After a brief sortie to check out the main priory remains by the traffic lights, we retreated slightly to take the alternative route to see the other priory remains before turning right again past the Boat Inn and then across the main road and walking up the east side of the River Leen. Crossing the Leen by the back of QMC we continued up the west bank path to Derby Road. From here it is far quieter to walk along the service roads on the north side of the main A52 Derby Road, cross the ring road, and then only exit onto the main road at the top of the rise.
Up to this point, the route had been a surprisingly pleasant way to cross the city but the next mile or so, alongside the heavy traffic, was much less so but was punctuated by a brief detour, into Wollaton Park, to visit Arbour Hill where there is probably the largest and most magnificent oak tree I have ever seen.
Finally, leaving the A52 and housing behind, there is a steep rise to regain the high ground along the ridge. From here to Bramcote all is quite peaceful and there are a variety of paths which meander through the trees. Probably it was always so! Evenually reaching Coventry Lane (adjacent to the somewhat sinister looking, and heavily protected 'Plymouth Brethren Meeting House'?) we turned south for the short roadside walk to Bramcote Hills Park car park and the Walled Garden - opposite the Hemlockstone itself.

Day 2: The Hemlockstone to Morley - 8 miles. Day 2 Photo Album
The Hemlockstone is of unknown origin. As a child I was told it was a volcanic plug but other theories abound - including a left over 'stack' from quarrying. The most amazing thing is that no one seems to know for sure! From here it is an easy walk along Hickings Lane in Stapleford and then across the county boundary at the River Erewash. Shortly after, the longest railway footbridge I have ever known, crosses what used to be the northern part of Toton Sidings - but which is now a silver birch forest. Across the Erewash Canal, and Ilkeston road, a good path leads up to Sandiacre Church. This has a very gradual gradient and stone walling at the sides - suggesting it was once of much greater significance than it is now.
Another road section finally leads out of the urban area and up to the heights of No Man's Lane where excellent views are seen to north and south.
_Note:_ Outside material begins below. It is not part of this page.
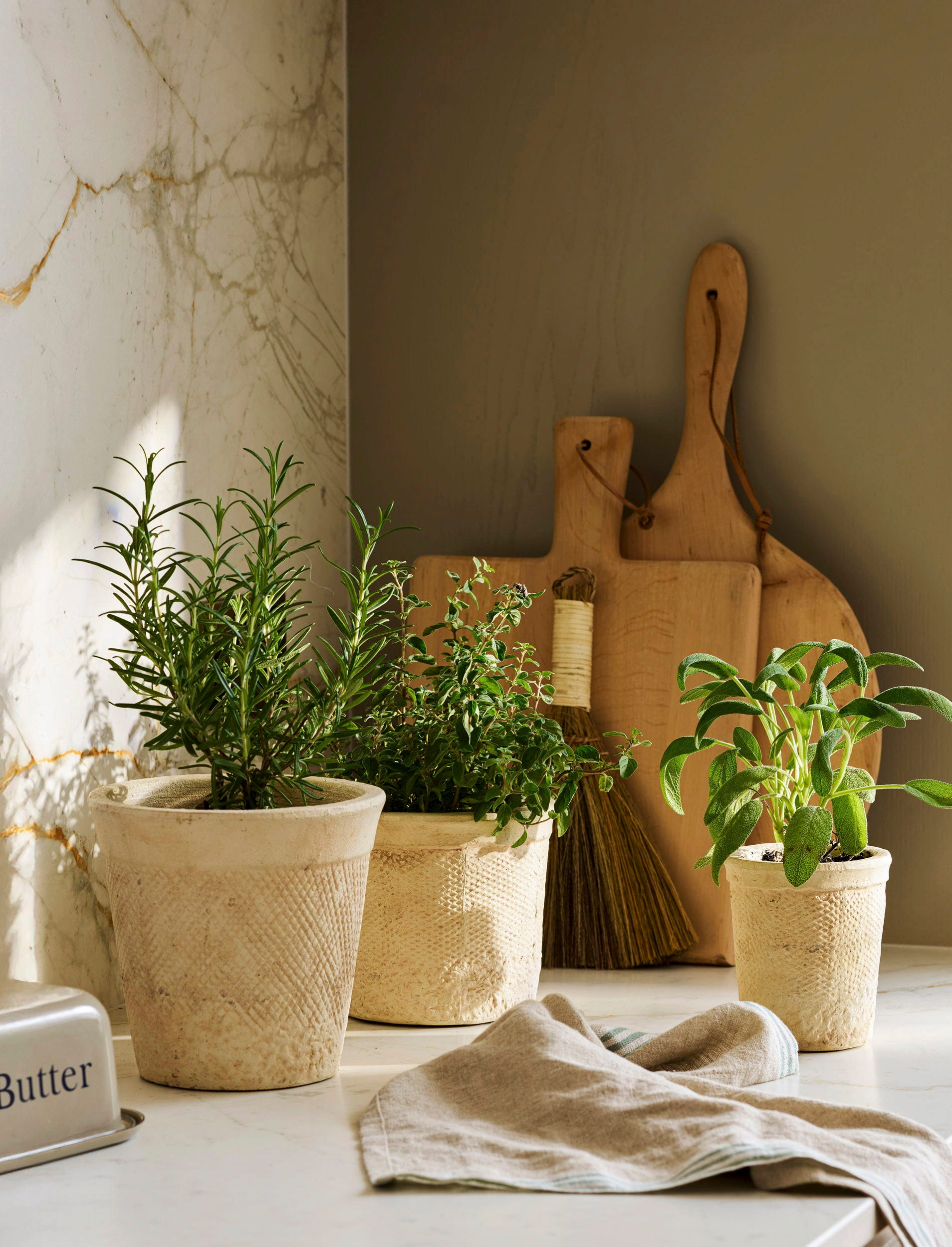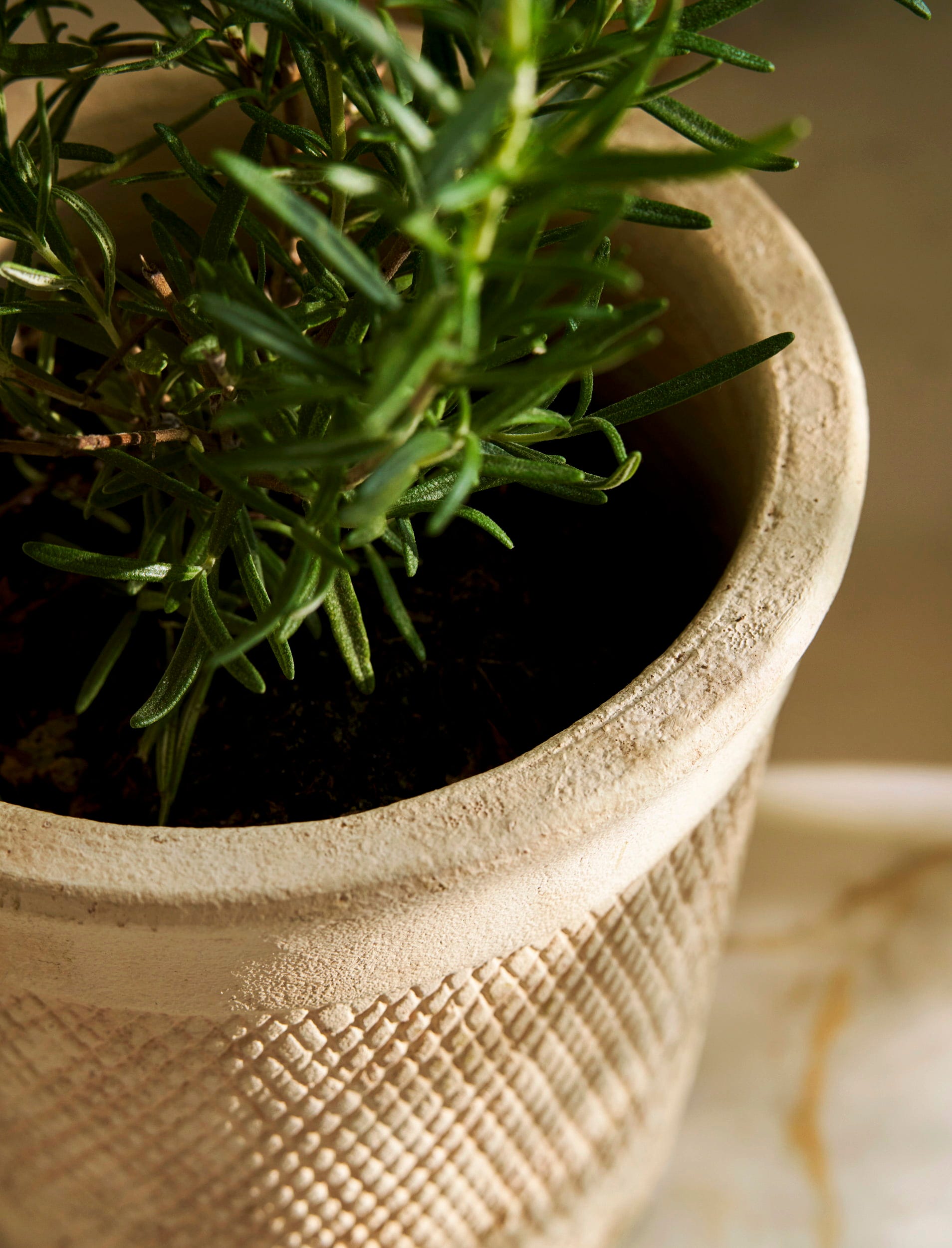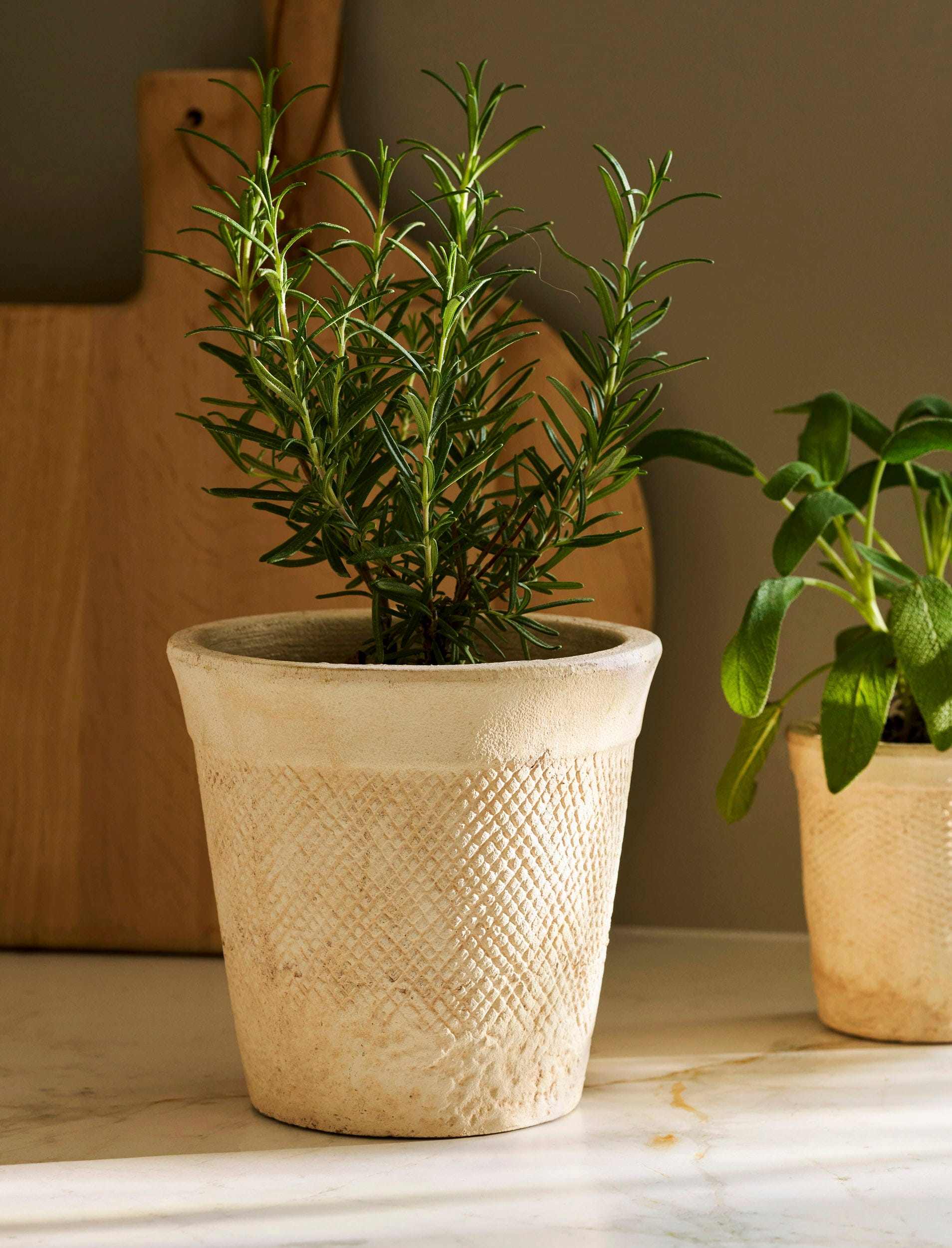 Den diskret strukturerade stenytan ger denna blomkruka ett tilltalande utseende, medan den vattentäta insidan säkerställer att dina växter trivs. Perfekt för små örter, suckulenter eller miniplanteringar förvandlar denna kruka vardaglig grönska till en stilfull inredningsdetalj.

A bit of a zig-zag and field paths continue along the ridge until the descent in Hermitage Wood - where the stone hermitage itself can be found - a scheduled ancient monument. Dale Church is almost unique in being 'semi-detached' to the adjacent large (and growing) house. Leaving Dale, a footpath detour avoids the road around a second Arbour Hill on the route, before crossing the main Ilkeston to Derby Road and onto Hagg Lane.
Easy walking from here on, Hagg Lane turns into a farm track before reappearing as Dale Road in Stanley village, just after the site of the former Kilbourne Colliery. Following the Stanley Brook, the path continues westwards and crosses the route of the former Great Norther Railway and continues until meeting Church Road on the outskirts of Morley. Despite only being the access to a handful of dwellings, this road too has considerable engineering features (walled sides, drainage and a raised pavement) which seem out of all proportion to its current usage.
The Morley Butter Cross may now be found inside Morley Church yard - which in itself is one of the best kept churchyards I have ever seen. It also has a separate chapel for the former Morley family.